(Translated by https://www.hiragana.jp/)
Strategic Alliance Definition from Financial Times Lexicon
The Wayback Machine - https://web.archive.org/web/20160313203935/http://lexicon.ft.com/Term?term=strategic-alliance

Definition of strategic alliance

A legal agreement between two distinct organisations that provides for sharing resources collaboratively in pursuit of a mutually beneficial goal.

Strategic alliance agreements are common in the biotechnology sector, where large pharmaceutical organisations sponsor research activities at small, often start-up, research companys.  These small organisations often excel in a particular research discipline, but lack the sales, marketing and distribution resources to bring their innovations to market.

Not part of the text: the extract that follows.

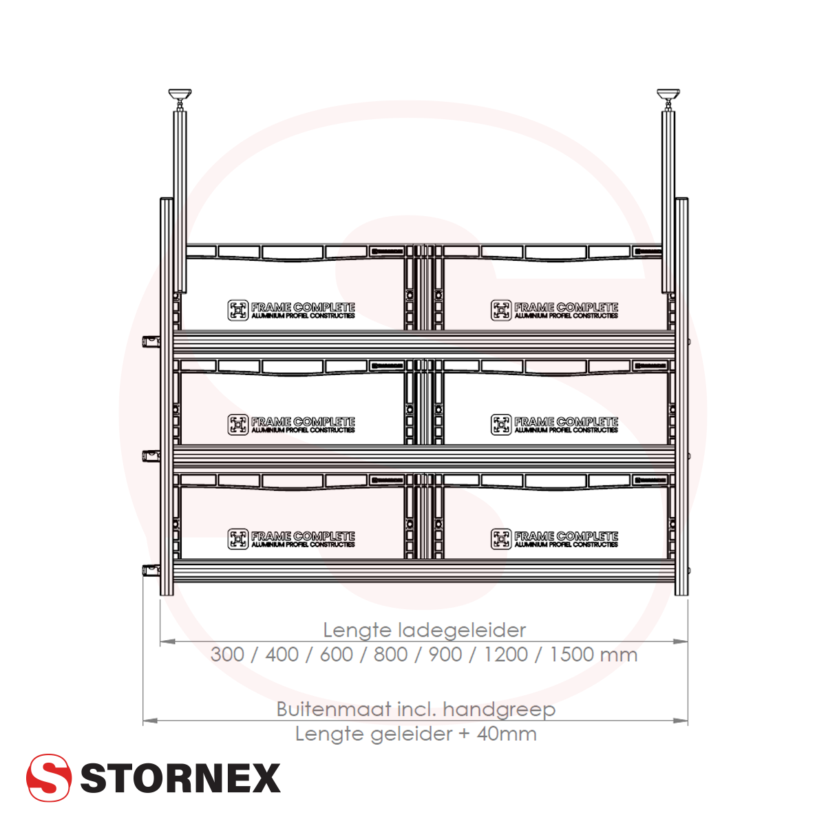 De module is leverbaar in de onderstaande lengte afmetingen. Dit is tevens de afmeting voor de ladegeleider welke volledig uittrekbaar is. De afmeting welke vermeld staat achter de lengte afmeting is de afmeting inclusief de gele vergrendeling.

Likewise, the large organisations may lack specialised research knowledge in a specific research discipline.  A strategic alliance in this setting may take the following form: the pharmaceutical company sponsors research at the small company by either direct cash payments or through a purchase of equity.  This may be combined with a revenue sharing agreement that allows the small company to receive a fraction of any proceeds arising from commercialised products that use their research output. By forming a strategic alliance, the organisations share resources to their mutual gain.

Example

The 2009 strategic alliance agreement between Monsanto and GrassRoots Biotechnology is a recent example of an alliance between a large company and small research-focused organisation.  Monsanto is a globally recognised agriculture company.  GrassRoots Biotechnology is a small, research-oriented agricultural biotechnology company.  The Monsanto/ Grassroots strategic alliance agreement called for GrassRoots to conduct research on Monsanto’s behalf.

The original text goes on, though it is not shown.